Magazin
Andere Körper
Über die Jahrestagung der Dramaturgischen Gesellschaft in Hannover zum Thema „Körper“
von Theresa Schütz
Erschienen in: Theater der Zeit: Dickicht der Städte – Shermin Langhoff über die Dialektik der Migration (04/2017)
„Für wen soll das eigentlich interessant sein? Haben wir nicht andere Probleme?“, fragt der scheidende Vorsitzende der Dramaturgischen Gesellschaft (dg), Christian Holtzhauer, nur teilweise polemisch ins Plenum der circa zweihundert Teilnehmenden der Jahrestagung der „kleinen Schwester des Bühnenvereins“, wie die dg auch genannt wird. Seine Vorbehalte zielen auf das Thema der vom 26. bis 29. Januar in Hannover ausgetragenen Tagung „Körper. Repräsentation, Interaktion, Differenz“. Zum Ausdruck kommt eine spürbare Verunsicherung darüber, ob das Tagungsthema im Hinblick auf die gegenwärtige Lage wohl politisch relevant genug sei.
Diese Vorbehalte lassen sich erst nach dem Tagungsbesuch verstehen. Denn trotz der vielen Perspektiven, mit denen in Workshops, Performances, Tischgesprächen und Vorträgen das Körper-Thema betrachtet wurde, gab es doch einen deutlichen Tagungsschwerpunkt zu Fragen der Inklusion. Nun soll das mitnichten heißen, dies sei kein wichtiges, politisches Sujet. Denn das ist es zweifelsfrei, gerade in Anbetracht dessen, dass der Einbezug körperlich und geistig behinderter Schauspieler in Ensemblestrukturen (abgesehen vom Staatstheater Darmstadt) nicht stattfindet.
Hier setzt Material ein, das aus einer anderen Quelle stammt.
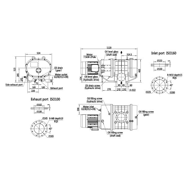 Hydraulic coupling Iron Cast Roots Vacuum Pump 2590 m3/h, BSJ600LC Images |

Fällt den Veranstaltenden zum Thema „Körper“ jedoch primär Inklusion und mit ihr der „behinderte“, also der der gesellschaftlichen Norm eben nicht entsprechende Körper ein, wird hier ironischerweise genau diejenige reduktionistische Sichtweise der Mehrheitsgesellschaft affirmiert, welche die eingeladene Anne Waldschmidt im Rekurs auf die...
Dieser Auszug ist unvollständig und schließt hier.